[Provided entries — start]

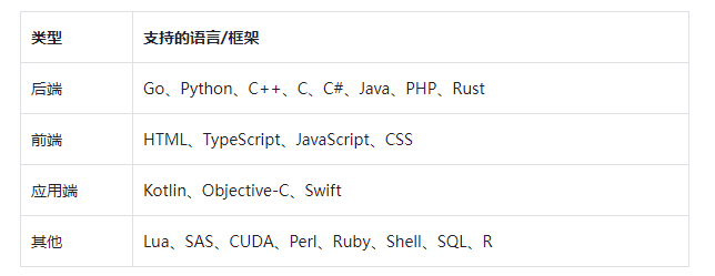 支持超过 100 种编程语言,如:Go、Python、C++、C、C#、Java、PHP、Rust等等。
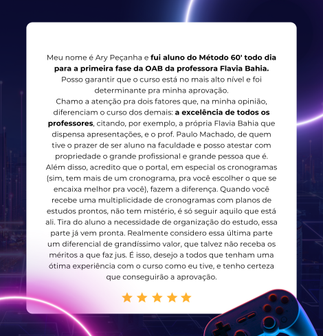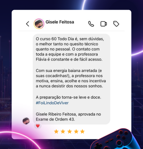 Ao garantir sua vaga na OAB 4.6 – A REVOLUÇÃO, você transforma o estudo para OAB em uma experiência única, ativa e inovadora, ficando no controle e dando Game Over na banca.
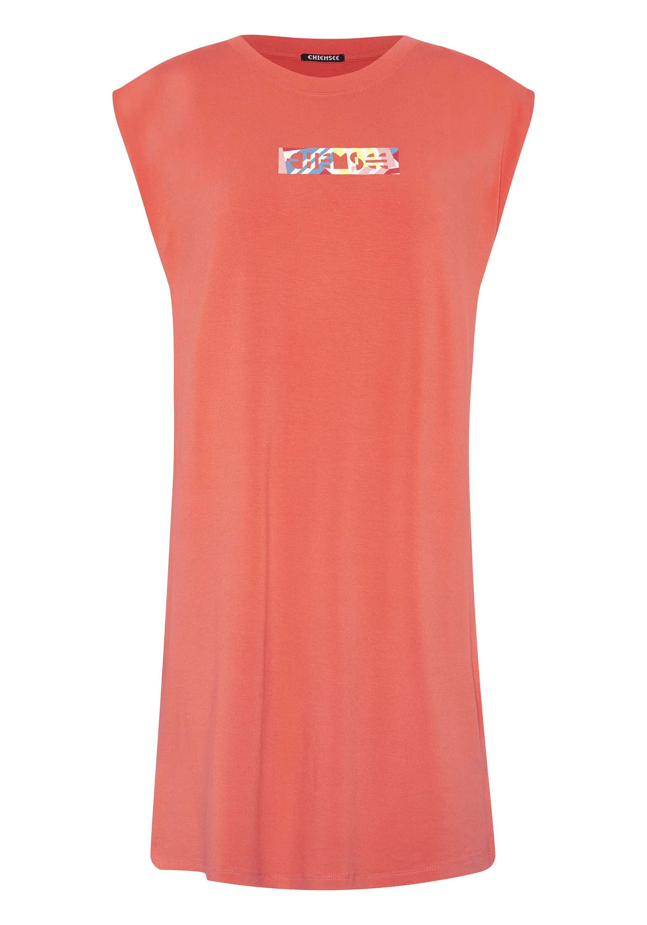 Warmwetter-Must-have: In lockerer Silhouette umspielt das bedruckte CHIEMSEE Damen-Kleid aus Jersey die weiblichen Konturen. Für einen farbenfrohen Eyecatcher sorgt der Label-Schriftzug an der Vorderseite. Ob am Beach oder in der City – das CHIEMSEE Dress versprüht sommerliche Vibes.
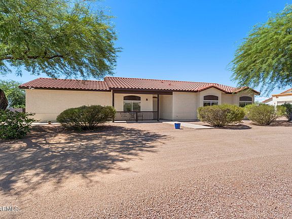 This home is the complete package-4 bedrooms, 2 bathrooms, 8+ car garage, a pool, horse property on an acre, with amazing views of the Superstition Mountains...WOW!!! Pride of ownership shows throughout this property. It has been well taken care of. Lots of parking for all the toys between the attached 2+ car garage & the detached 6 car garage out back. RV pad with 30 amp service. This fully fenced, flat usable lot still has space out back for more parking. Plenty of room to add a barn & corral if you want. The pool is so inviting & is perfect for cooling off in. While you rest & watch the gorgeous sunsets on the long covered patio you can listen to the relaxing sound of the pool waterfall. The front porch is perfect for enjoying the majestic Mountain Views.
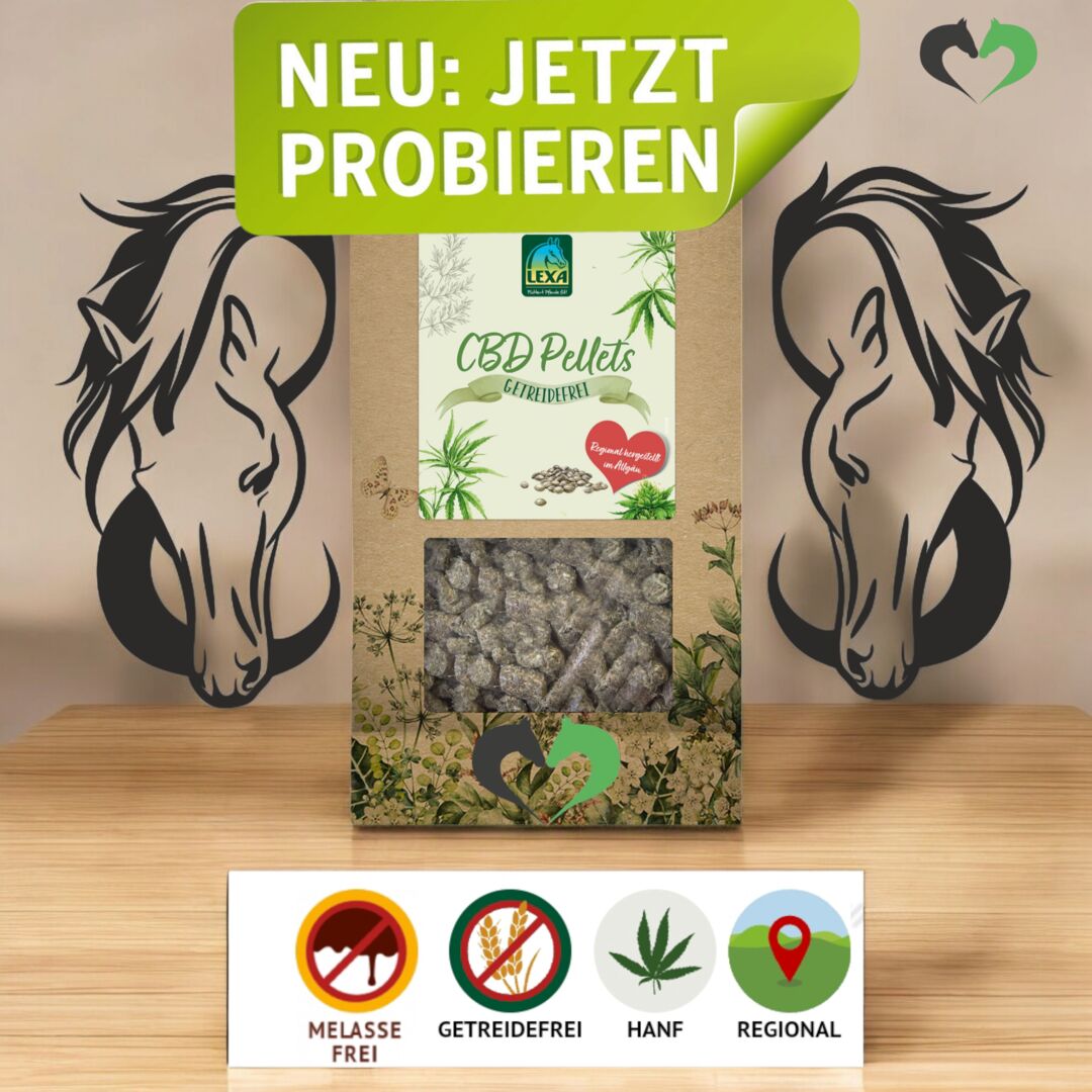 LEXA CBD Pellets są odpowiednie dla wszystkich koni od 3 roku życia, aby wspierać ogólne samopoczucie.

[Provided entries — finish]
[Provided entries — start]

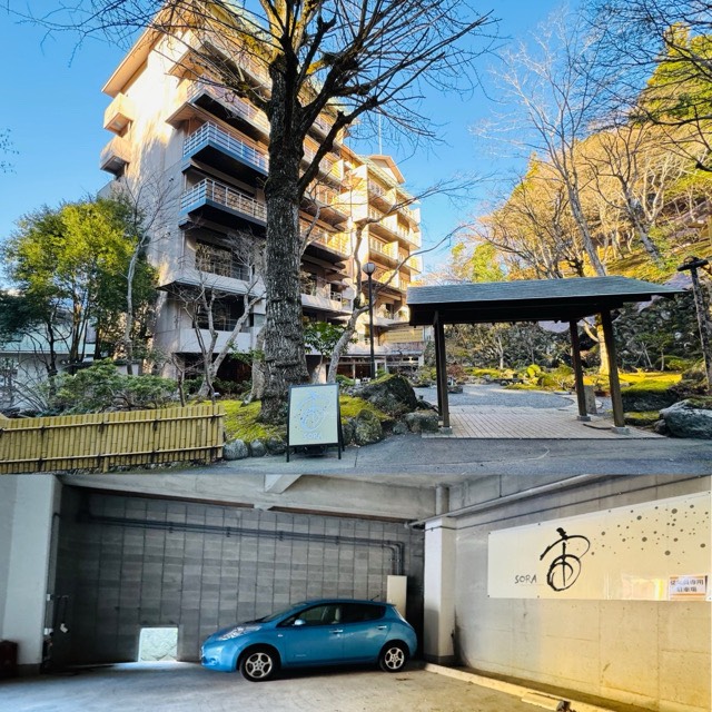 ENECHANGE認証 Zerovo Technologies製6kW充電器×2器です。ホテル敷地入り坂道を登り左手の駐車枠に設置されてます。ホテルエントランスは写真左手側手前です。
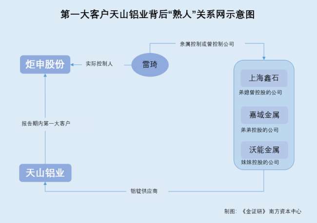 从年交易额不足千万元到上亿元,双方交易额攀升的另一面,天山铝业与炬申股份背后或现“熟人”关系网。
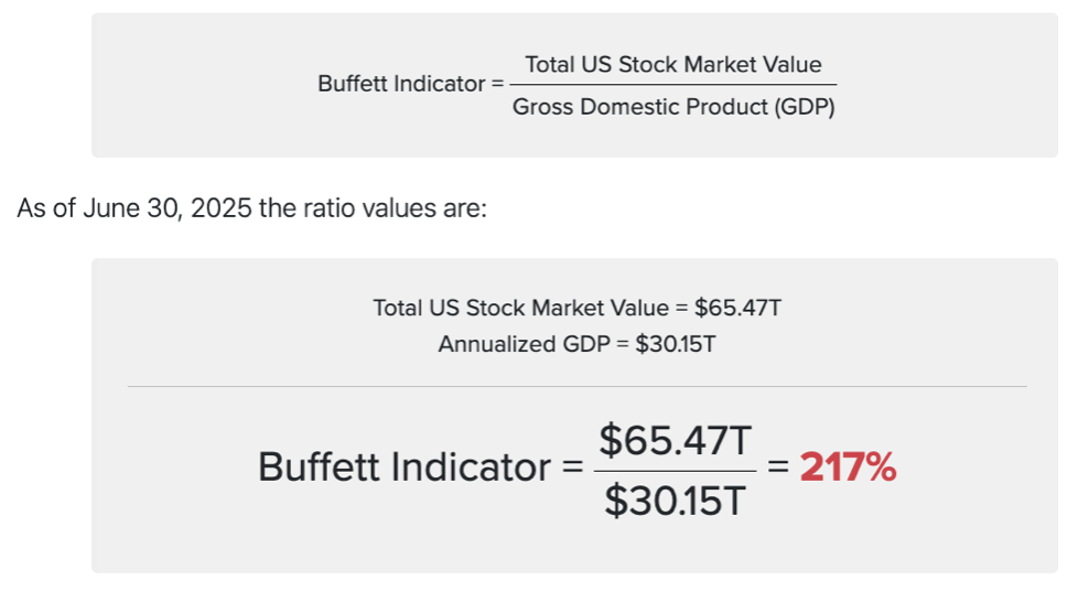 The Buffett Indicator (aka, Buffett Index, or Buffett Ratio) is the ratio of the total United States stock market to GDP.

[Provided entries — finish]

_What the task asks_: Return only the stretch above from the line containing "从年交易额不足千万元到上亿元" through the line containing "The Buffett Indicator", word for word and without pictures.

_Your solution_:
 从年交易额不足千万元到上亿元,双方交易额攀升的另一面,天山铝业与炬申股份背后或现“熟人”关系网。
 The Buffett Indicator (aka, Buffett Index, or Buffett Ratio) is the ratio of the total United States stock market to GDP.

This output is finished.